Records contained in a dataset
- Opening Delimiter -

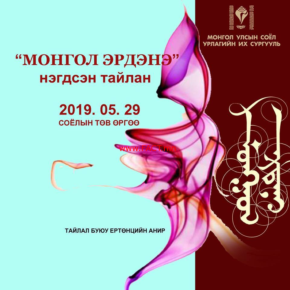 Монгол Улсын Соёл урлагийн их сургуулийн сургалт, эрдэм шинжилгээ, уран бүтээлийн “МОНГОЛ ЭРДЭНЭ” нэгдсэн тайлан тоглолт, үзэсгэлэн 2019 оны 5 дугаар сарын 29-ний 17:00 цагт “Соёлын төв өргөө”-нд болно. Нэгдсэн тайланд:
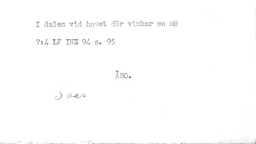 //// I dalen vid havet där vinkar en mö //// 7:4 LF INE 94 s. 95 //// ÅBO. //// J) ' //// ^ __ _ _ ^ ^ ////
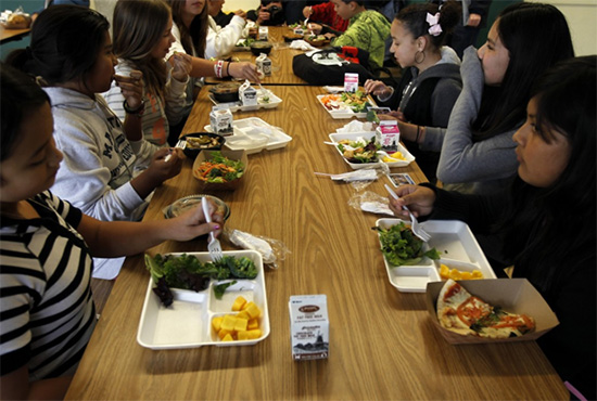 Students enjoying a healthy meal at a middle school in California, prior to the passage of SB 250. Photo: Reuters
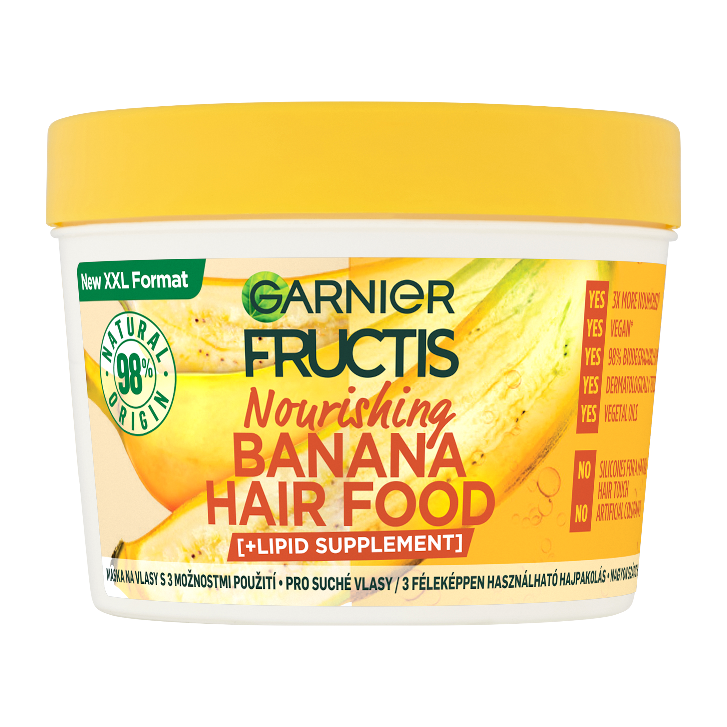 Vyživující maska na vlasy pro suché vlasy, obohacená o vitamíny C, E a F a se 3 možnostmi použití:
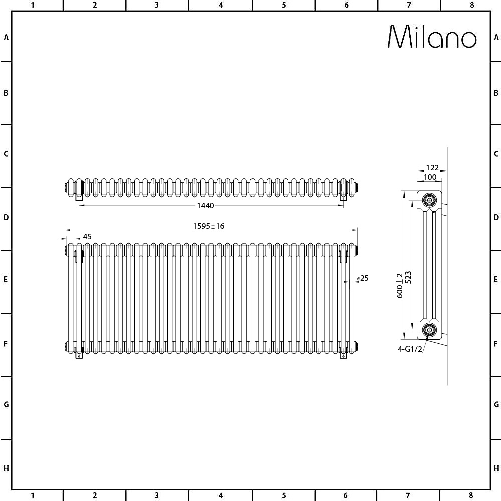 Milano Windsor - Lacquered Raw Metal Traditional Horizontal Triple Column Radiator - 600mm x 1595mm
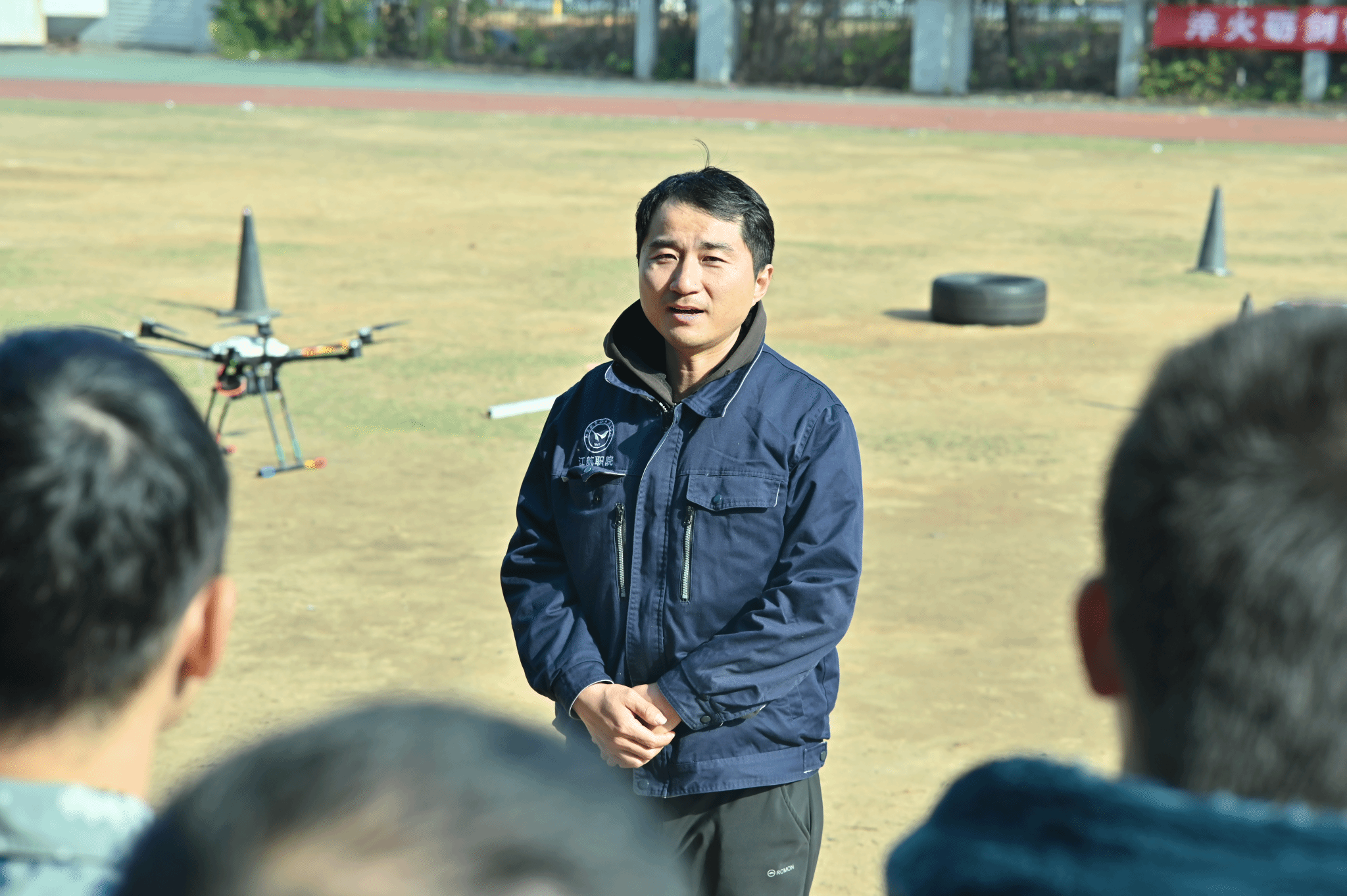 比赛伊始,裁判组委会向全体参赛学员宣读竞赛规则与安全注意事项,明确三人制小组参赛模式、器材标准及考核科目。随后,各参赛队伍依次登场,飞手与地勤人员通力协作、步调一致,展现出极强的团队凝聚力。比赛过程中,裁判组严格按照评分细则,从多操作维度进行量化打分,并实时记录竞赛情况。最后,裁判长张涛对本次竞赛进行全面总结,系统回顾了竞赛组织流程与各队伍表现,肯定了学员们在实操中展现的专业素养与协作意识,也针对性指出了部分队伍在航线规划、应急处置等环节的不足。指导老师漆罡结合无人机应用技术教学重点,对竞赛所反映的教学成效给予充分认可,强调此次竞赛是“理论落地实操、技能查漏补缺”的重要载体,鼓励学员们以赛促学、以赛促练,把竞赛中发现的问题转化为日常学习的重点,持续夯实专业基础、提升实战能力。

- Closing Delimiter -

Work instructions >>
All lines from the one containing "Milano Windsor - Lacquered" through the end of the data are to be restated exactly, with nothing else and without the pictures.

Finished exercise >>
 Milano Windsor - Lacquered Raw Metal Traditional Horizontal Triple Column Radiator - 600mm x 1595mm
 比赛伊始,裁判组委会向全体参赛学员宣读竞赛规则与安全注意事项,明确三人制小组参赛模式、器材标准及考核科目。随后,各参赛队伍依次登场,飞手与地勤人员通力协作、步调一致,展现出极强的团队凝聚力。比赛过程中,裁判组严格按照评分细则,从多操作维度进行量化打分,并实时记录竞赛情况。最后,裁判长张涛对本次竞赛进行全面总结,系统回顾了竞赛组织流程与各队伍表现,肯定了学员们在实操中展现的专业素养与协作意识,也针对性指出了部分队伍在航线规划、应急处置等环节的不足。指导老师漆罡结合无人机应用技术教学重点,对竞赛所反映的教学成效给予充分认可,强调此次竞赛是“理论落地实操、技能查漏补缺”的重要载体,鼓励学员们以赛促学、以赛促练,把竞赛中发现的问题转化为日常学习的重点,持续夯实专业基础、提升实战能力。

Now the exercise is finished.